Father also said, however, that it is possible to approach such situations when the door opens - say, for example, if I were to observe SIL whacking brother upside the head, I could turn to brother and say “Brother, is it really okay with you to have her hit you?” But father said the door would have to be open already, I can’t open it.

Anyway, I know this much: I have no idea how to call up and bring the subject up. Brother and I don’t talk much. Our lives just don’t intersect. Maybe we see each other once or twice a year - I’ve tried making social arrangements with them, but their social calendar is booked for months in advance with all the parties they go to, and I can’t plan that way with children.

But it really bugs me. :confused:

Eh, not true. I mean, abuse is wrong, but there are times when a person is asking for it. It’s not the greatest way to handle the situation, but I’d smack my bf if I caught him kissing someone in a bar.

That’s a pretty dramatic assumption.

Chotii, my brother’s ex-girlfriend started out by smacking him once in awhile. It eventually escalated to where he ended up in the emergency room with stab wounds on his back. One of them was very deep, and less than a half-inch from his heart.

For the love of your brother, please talk to him.

What kind of world do you live in where an occasional face slap is okay? If Mr. Amanita ever did anything so heinous that the thought of striking him entered my mind, I’d either check myself into therapy or leave him. If he ever slapped me in anger, I’d leave him. (At least temporarily, while everyone got counseling.) Mentally healthy adults do not strike their intimate partners in anger or to humiliate them in front of others, regardless of the genders of the hitter/hittee.
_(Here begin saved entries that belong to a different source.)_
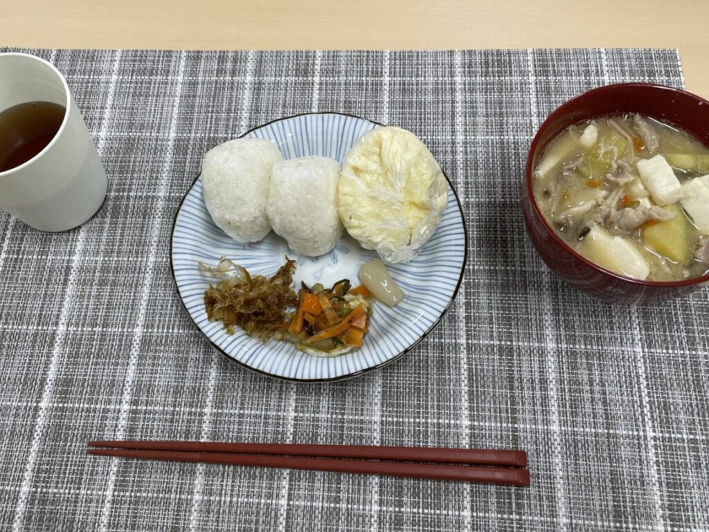 お食事は「おにぎり、豚汁、蒸しパン、お漬物、アルファ化米」というメニュー。スタッフも合わせて33名で、会話を楽しみながらいただきました。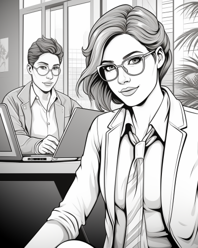 very light black-and-white illustration sketch with a vector clear background of beautiful female wearing a dress sitting on a invisible chair talking to herself and holding a glass of wine, minimalist, full length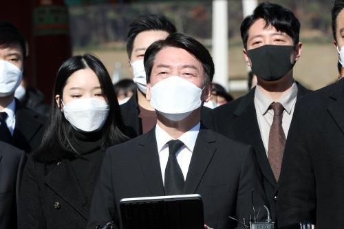 국민의당 안철수 대선후보가 28일 오전 광주 국립 5·18 민주묘지를 방문해 기자회견을 하고 있다. 오른쪽은 같은 날 서울 마포구 가온스테이지에서 열린 청년정의당 선거대책위원회 출범식에 참석한 정의당 심상정 대선후보. 국회사진기자단·연합뉴스

Granted, Chotii does not know if this is a pattern of behavior for her SIL, but the heavy drinking and description of her brother as a non-confrontational type of person makes me think it might be.

Have to do this…

*… Getting your face slapped forcefully by an angry [husband] may piss a [wife] off, but the [wife] needs to decide if [she] deserved it. If a [woman] is stupid enough to be obviously flirting with another [man] and gets [her] face slapped by [her husband] for it, I really don’t think [her] next stop should be a domestic crisis shelter.

This is the real world and [women] are getting smacked and punched all the time by pissed off [boyfriends] and [husbands]. If it’s a chronic habit then it needs to be addressed, but an occasional face slap is hardly cause for the calling in domestic abuse calvary.*

Only because the domestic crisis shelter would most likely turn him away as part of the problem. The more likely outcome is that he’d never find the shelter to begin with, because shelter organizers will rarely tell a man where they’re located. He should put a lot of thought into whether he wants to give someone who is violent and physically abusive another chance, however. No one deserves to be hit unless hitting them is the only way to remove an immediate risk of serious injury or death at their hands.

I don’t care how much ‘bigger’ or ‘stronger’ they are than a woman. That is no fucking excuse for an adult to use violence to solve a problem.

Then you’d still be guilty of assault, and regardless of his having been kissing another woman he could press charges against you, obtain a PFA (Protection From Abuse order) and make your life very difficult because you acted out violently. You’d have every right to be angry, but you do not have any right to hit him.